Cross mean predictive ability evaluated by leave-one-out cross-validation. Different models were compared, differing in the type of genetic effects incorporating genomic information: none “None,” in GCA terms only “GCA(A),” in GCA terms and in the dominance contribution to the SCA component “GCA(A) + SCA(D),” in the across-population epistasis contribution to the SCA component “GCA(A) + SCA(AA),” or both “GCA(A) + SCA(D + AA).” Traits related to plant stature, bunch architecture, fruit architecture, and yield components are colored in black, red, blue, and green, respectively. The y-axis is bounded between zero and one. Occasional negative values were observed (Supplementary Table 9), particularly under scenario 0–0 with the lowest training population size and for traits with low heritability due to a well-known artefact of leave-one-out cross-validation methodology (Zhou et al. 2016).
When both parents have already been observed in other crosses of the design (2x–4x scenario), the mean performance of a new cross is generally well predicted regardless of the model (r > 0.5). When one parent is missing, predictions tend to be more accurate when the 2x parent is unobserved (0–4x scenario) than when the 4x parent is unobserved (2x–0 scenario), except for Bunch Weight, Fruit Weight, and Days to Fruit Maturity. When none of the parents have been observed in other crosses (0–0 scenario), no prediction is possible without parent genotyping (Fig. 5).

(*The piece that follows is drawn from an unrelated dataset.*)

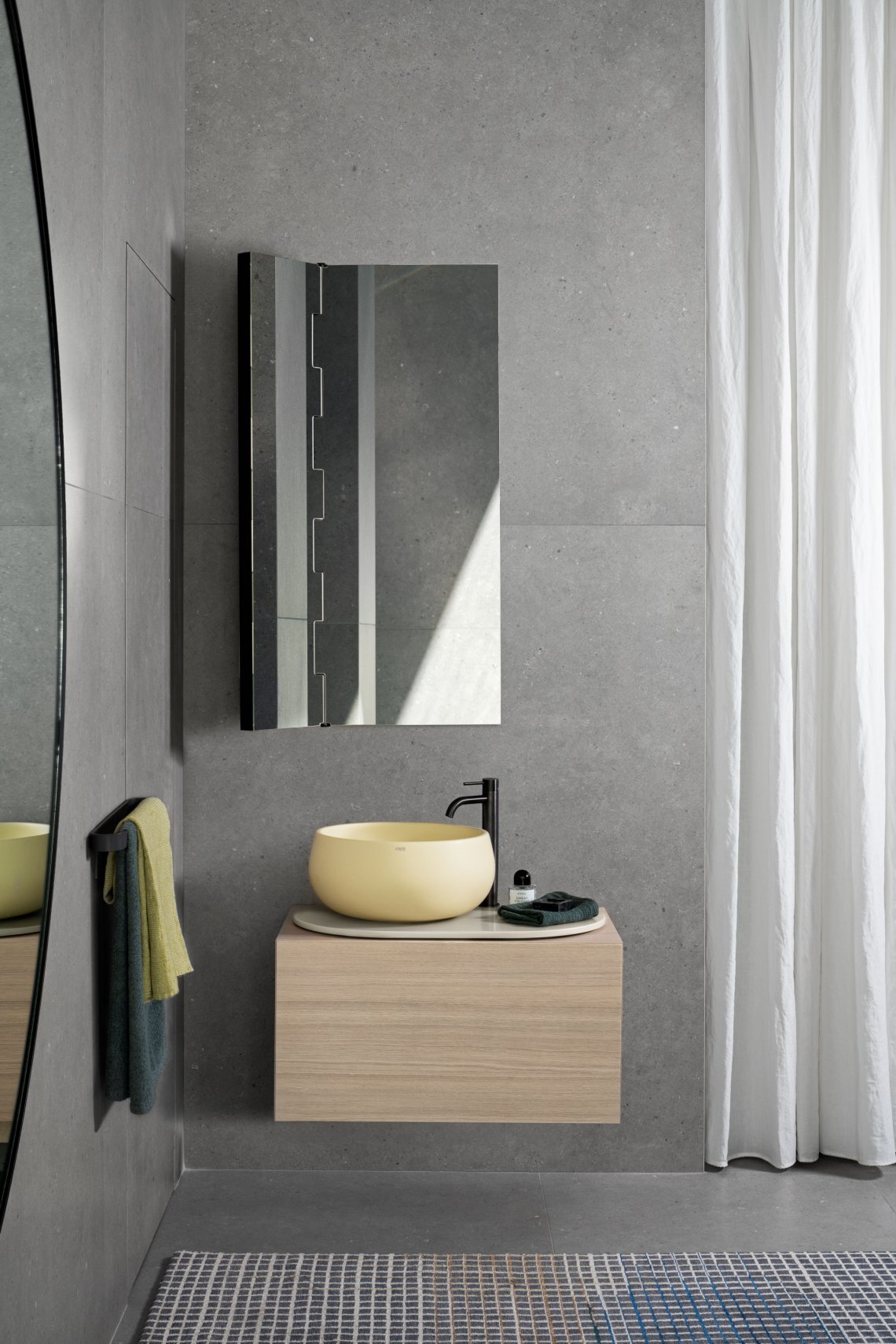 Delfo 76,更加通用。盡管體積小,Delfo 仍保持其優(yōu)雅和功能。全新 76 厘米版本干爽而必不可少,它甚至可以在不犧牲存儲(chǔ)容量的情況下增強(qiáng)最小的空間。木制抽屜柜可選擇多種漆面或木質(zhì)飾面,保留其自身的容量,為每間浴室?guī)?lái)舒適實(shí)用的氛圍。橢圓形陶瓷臺(tái)面上盆的形式純凈,傳達(dá)了這種高貴材料的魅力和實(shí)用性。憑借顏色組合的新可能性,將兩種元素調(diào)制為“Acque”和“Terre di Cielo”的光面或啞光色調(diào)。

The use of genomic relationship matrices in GCA and SCA terms to predict cross-mean performance has generally improved predictive abilities compared to the model using only phenotypic and pedigree information, especially in scenarios where at least one of the parents was not observed in another cross. The improvement in predictive ability was often more pronounced when the unobserved parent was the 4x parent (i.e. 2x–0 scenario). In the most difficult scenario where none of the parents have been observed in other crosses (i.e. 0–0 scenario), predictive abilities were null for some traits regardless of the model like Peduncle Diameter, but could exceed 0.5 for others like Fruit Weight.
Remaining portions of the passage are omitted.